[Task instructions]:
Only the lines below between the ones containing "2021年9月28日,广东珠" and "WG164-210 Wrangler Denim", inclusive, are to be reproduced, each exactly as it stands.

========================================

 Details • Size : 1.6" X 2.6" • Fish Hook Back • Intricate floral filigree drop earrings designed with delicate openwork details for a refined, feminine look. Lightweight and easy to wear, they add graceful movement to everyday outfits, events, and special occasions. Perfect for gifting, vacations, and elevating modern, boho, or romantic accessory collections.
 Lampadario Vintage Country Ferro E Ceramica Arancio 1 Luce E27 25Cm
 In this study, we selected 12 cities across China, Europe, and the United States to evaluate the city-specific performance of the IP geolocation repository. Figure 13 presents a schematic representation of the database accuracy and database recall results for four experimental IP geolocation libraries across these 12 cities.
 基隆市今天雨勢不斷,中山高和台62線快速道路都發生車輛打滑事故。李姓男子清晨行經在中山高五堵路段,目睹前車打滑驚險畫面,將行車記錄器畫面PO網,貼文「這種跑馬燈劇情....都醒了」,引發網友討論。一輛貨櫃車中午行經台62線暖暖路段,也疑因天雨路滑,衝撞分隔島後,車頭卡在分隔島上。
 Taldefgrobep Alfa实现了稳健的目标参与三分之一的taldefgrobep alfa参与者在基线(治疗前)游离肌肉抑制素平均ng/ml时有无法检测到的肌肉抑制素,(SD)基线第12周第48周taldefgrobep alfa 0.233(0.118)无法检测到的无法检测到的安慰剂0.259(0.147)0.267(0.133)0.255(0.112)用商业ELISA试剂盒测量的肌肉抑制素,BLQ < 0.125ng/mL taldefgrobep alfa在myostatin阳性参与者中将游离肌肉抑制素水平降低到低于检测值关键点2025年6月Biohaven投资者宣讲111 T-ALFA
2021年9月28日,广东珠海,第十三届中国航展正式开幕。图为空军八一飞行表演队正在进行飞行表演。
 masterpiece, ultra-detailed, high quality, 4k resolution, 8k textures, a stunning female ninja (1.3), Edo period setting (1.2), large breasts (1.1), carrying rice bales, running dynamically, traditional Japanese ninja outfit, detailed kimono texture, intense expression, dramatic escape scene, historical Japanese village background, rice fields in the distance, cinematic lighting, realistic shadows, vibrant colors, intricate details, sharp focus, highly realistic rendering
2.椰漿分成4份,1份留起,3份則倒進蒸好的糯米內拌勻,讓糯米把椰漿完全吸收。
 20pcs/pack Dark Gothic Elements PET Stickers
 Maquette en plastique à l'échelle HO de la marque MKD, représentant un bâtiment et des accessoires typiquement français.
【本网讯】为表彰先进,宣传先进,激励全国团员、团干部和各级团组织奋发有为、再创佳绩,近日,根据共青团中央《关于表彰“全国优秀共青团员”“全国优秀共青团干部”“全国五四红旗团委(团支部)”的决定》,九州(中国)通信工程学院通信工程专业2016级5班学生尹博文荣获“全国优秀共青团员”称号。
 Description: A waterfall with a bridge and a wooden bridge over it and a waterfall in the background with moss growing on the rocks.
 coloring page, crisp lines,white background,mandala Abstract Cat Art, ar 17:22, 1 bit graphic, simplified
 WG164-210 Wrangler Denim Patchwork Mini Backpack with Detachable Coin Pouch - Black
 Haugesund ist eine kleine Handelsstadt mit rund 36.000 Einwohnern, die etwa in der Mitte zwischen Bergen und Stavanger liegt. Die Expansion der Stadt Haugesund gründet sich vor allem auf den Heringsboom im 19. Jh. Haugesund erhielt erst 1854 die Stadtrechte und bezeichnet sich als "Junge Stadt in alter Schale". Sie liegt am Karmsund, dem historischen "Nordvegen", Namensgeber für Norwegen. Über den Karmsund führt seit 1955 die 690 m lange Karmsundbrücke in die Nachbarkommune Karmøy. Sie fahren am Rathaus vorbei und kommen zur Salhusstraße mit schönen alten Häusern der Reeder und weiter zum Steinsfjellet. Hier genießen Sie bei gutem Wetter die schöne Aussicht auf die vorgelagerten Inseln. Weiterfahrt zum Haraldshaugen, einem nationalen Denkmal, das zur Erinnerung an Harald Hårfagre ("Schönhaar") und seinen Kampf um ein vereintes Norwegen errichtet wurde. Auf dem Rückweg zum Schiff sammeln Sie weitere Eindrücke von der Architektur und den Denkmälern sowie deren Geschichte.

========================================

[Exercise response]:
2021年9月28日,广东珠海,第十三届中国航展正式开幕。图为空军八一飞行表演队正在进行飞行表演。
 masterpiece, ultra-detailed, high quality, 4k resolution, 8k textures, a stunning female ninja (1.3), Edo period setting (1.2), large breasts (1.1), carrying rice bales, running dynamically, traditional Japanese ninja outfit, detailed kimono texture, intense expression, dramatic escape scene, historical Japanese village background, rice fields in the distance, cinematic lighting, realistic shadows, vibrant colors, intricate details, sharp focus, highly realistic rendering
2.椰漿分成4份,1份留起,3份則倒進蒸好的糯米內拌勻,讓糯米把椰漿完全吸收。
 20pcs/pack Dark Gothic Elements PET Stickers
 Maquette en plastique à l'échelle HO de la marque MKD, représentant un bâtiment et des accessoires typiquement français.
【本网讯】为表彰先进,宣传先进,激励全国团员、团干部和各级团组织奋发有为、再创佳绩,近日,根据共青团中央《关于表彰“全国优秀共青团员”“全国优秀共青团干部”“全国五四红旗团委(团支部)”的决定》,九州(中国)通信工程学院通信工程专业2016级5班学生尹博文荣获“全国优秀共青团员”称号。
 Description: A waterfall with a bridge and a wooden bridge over it and a waterfall in the background with moss growing on the rocks.
 coloring page, crisp lines,white background,mandala Abstract Cat Art, ar 17:22, 1 bit graphic, simplified
 WG164-210 Wrangler Denim Patchwork Mini Backpack with Detachable Coin Pouch - Black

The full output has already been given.